_Problem to solve_:
Down to the last line below, write out every line exactly, starting with the one that contains "Clear lens when not illuminated." and leaving out the pictures.
--- Input data Enclosed Below ---
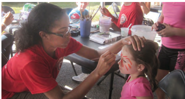
Face printing at our two annual Family Days is always a popular activity for children of all ages.
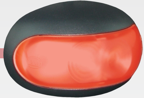
Clear lens when not illuminated.
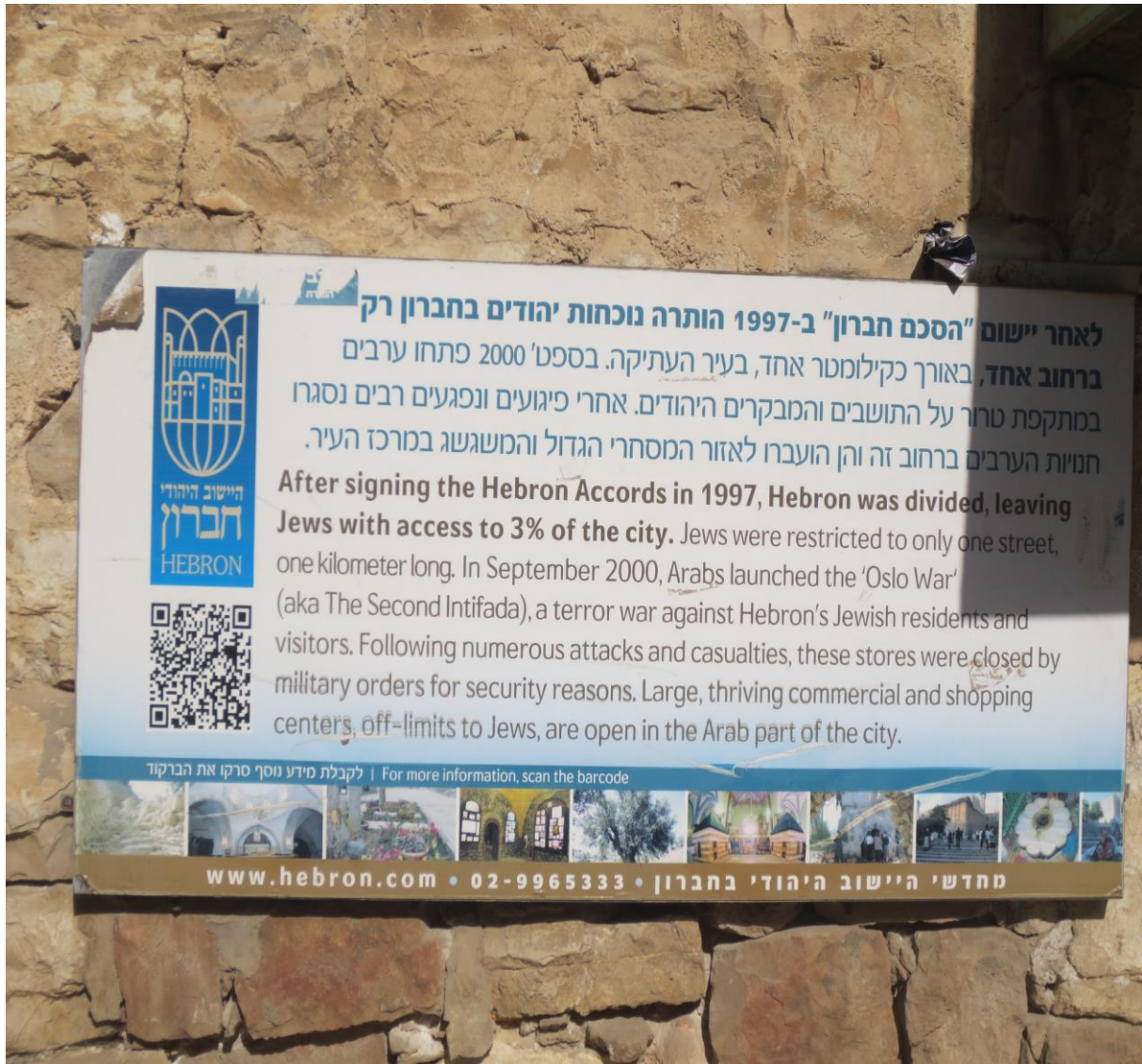
Figure 5 Shuhada Street, Old City Hebron (15/11/2017)
--- End of Enclosed Input data ---
_Response_:
Clear lens when not illuminated.
Figure 5 Shuhada Street, Old City Hebron (15/11/2017)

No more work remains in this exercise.